Gino Santercole (21 November 1940 – 8 June 2018) was an Italian singer/songwriter, guitarist, and actor.  He was well known for his breakthrough hit "Questo vecchio pazzo mondo" ("This old crazy world"), a cover of P.F. Sloan's "Eve of Destruction," and for the song "Such a Cold Night Tonight" that he sang in the movie Yuppi Du.

Life

Early life

Santercole was born in Milan, Italy, on 21 November 1940. His family is originally from the south eastern region of  Apulia. Santercole's mother, Rosa, was the sister of the singer, comedian, and movie director Adriano Celentano.

Santercole lost his father as a child. He spent some years in college, and was then forced to go to work by himself. He was fond of rock'n'roll, and in his free time he learned to play the guitar.

Celentano recruited Santercole for his group, the Rock Boys, when his second guitarist, Ico Cerutti, left the group. Santercole became a Rock Boy just in time to participate in the First Italian Festival of Rock and Roll, held on 18 May 1957 at the Via Piranesi Ice Palace in Milan. Record producer Walter Guertler was in the festival audience, and signed the Rock Boys to a recording contract right after the show.

The Rebels and the solo debut
The Rock Boys evolved into the Rebels, who backed up Celentano and other singers such as Ricky Clem Sacco and Gianco. Celentano began a solo career and soon Santercole became the group's lead guitarist.

Santercole began singing as well; the first song he sang on was "Sono un fallito" ("I am a Failure"), a cover of Ray Charles's "Busted." That was followed by his own solo single, 'Silver Star', in December 1964, which got good airplay and chart success in early 1965. In 1965 he released a solo EP, credited to Santercole with Celentano and Don Backy.

Then in 1966 Santercole sang on and released the single "Questo vecchio pazzo mondo" ("This old crazy world").

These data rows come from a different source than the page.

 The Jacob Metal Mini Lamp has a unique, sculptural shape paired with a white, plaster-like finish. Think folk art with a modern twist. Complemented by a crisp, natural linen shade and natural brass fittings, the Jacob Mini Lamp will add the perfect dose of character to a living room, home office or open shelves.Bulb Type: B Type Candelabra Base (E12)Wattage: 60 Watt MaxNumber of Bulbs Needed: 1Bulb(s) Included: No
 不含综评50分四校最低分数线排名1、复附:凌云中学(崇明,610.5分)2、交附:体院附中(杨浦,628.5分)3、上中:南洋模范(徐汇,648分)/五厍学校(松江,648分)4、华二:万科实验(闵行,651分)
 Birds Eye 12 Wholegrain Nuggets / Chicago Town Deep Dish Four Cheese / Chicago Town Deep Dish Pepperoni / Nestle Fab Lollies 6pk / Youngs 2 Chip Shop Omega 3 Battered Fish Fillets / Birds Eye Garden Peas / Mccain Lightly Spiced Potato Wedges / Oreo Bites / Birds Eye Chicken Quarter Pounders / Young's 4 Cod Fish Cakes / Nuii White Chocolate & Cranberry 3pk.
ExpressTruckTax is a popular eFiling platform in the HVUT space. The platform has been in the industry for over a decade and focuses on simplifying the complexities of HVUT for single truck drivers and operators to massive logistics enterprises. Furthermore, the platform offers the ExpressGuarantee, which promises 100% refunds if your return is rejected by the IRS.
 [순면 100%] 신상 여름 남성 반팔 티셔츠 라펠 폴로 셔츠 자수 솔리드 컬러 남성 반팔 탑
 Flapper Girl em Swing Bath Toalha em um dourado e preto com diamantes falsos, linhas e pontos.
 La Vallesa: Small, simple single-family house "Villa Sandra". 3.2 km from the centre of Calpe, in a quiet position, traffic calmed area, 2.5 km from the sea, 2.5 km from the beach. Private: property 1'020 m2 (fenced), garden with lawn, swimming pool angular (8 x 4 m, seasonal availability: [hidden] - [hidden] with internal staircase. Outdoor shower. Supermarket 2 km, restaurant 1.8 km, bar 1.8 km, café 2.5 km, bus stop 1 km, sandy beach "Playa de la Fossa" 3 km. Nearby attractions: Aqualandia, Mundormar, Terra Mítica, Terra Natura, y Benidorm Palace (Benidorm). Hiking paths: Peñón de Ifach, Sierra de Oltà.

The song is a cover of the folk-rock/protest song written by P.F. Sloan, 'Eve of Destruction' which became a hit when covered by Barry McGuire in 1966. Santercole performs the song in Cantagiro in 1967. Celentano used the same music tracks and lyrics in 1984 on his album I miei americani (My American), a collection of U.S. hits translated into Italian, and again in the first episode of his 1999 television show,   Francamente me ne infischio (Frankly I don't care) in 1999.

In 1966, Santercole participated in Festival di Sanremo with his uncle, Ico Cerutti and Pilade, performing "Il ragazzo della via Gluck" ("The Kid from Gluck Street") under the name Trio of Clan; however, they are eliminated in the early evening.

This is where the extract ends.